- Promotion: World Series of Fighting: Canada
- Date: February 21, 2014
- Venue: Edmonton Expo Centre
- City: Edmonton, Alberta, Canada
- Attendance: 2,100

Event chronology
| WSOF 8: Gaethje vs. Patishnock | World Series of Fighting Canada 1: Ford vs. Powell | WSOF 9: Carl vs. Palhares |

= World Series of Fighting Canada 1: Ford vs. Powell =

World Series of Fighting MMA event in 2014

World Series of Fighting Canada 1: Ford vs.
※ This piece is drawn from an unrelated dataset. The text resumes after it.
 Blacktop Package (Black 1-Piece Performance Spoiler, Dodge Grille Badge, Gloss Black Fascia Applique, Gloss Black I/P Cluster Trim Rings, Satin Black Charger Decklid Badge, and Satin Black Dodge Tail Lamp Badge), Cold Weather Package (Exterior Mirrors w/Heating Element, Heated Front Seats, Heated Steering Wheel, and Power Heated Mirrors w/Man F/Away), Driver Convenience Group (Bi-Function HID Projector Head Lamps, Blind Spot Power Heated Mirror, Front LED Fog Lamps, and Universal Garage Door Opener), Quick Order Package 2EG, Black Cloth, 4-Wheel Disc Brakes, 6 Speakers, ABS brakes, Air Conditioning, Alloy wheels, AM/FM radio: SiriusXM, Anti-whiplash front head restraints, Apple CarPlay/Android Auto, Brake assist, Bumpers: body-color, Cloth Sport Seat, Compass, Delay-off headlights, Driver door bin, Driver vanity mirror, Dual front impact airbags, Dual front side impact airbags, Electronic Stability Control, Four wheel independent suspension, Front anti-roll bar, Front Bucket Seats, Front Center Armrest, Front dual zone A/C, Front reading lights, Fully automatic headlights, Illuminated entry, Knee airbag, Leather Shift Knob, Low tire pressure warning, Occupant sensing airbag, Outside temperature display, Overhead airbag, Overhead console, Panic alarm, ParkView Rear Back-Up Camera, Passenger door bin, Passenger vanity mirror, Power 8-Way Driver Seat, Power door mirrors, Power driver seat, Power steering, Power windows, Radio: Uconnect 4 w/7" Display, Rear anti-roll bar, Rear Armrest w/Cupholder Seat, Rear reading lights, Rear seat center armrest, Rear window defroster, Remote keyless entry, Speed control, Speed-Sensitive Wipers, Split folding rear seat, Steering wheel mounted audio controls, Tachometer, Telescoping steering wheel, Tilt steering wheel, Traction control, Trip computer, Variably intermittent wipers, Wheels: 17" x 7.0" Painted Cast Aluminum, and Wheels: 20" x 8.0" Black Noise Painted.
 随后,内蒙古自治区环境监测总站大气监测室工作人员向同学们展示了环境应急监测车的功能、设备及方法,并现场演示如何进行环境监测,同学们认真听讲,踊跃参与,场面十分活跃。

Powell was a mixed martial arts event held in Edmonton, Alberta, Canada.

==Background==

Headlining the card is top Canadian welterweight prospect Ryan "The Real Deal" Ford taking on Joel Powell for the inaugural WSOF Canadian welterweight champion. Undefeated heavyweight Steve Mocco takes on Smealinho Rama in the co-main event.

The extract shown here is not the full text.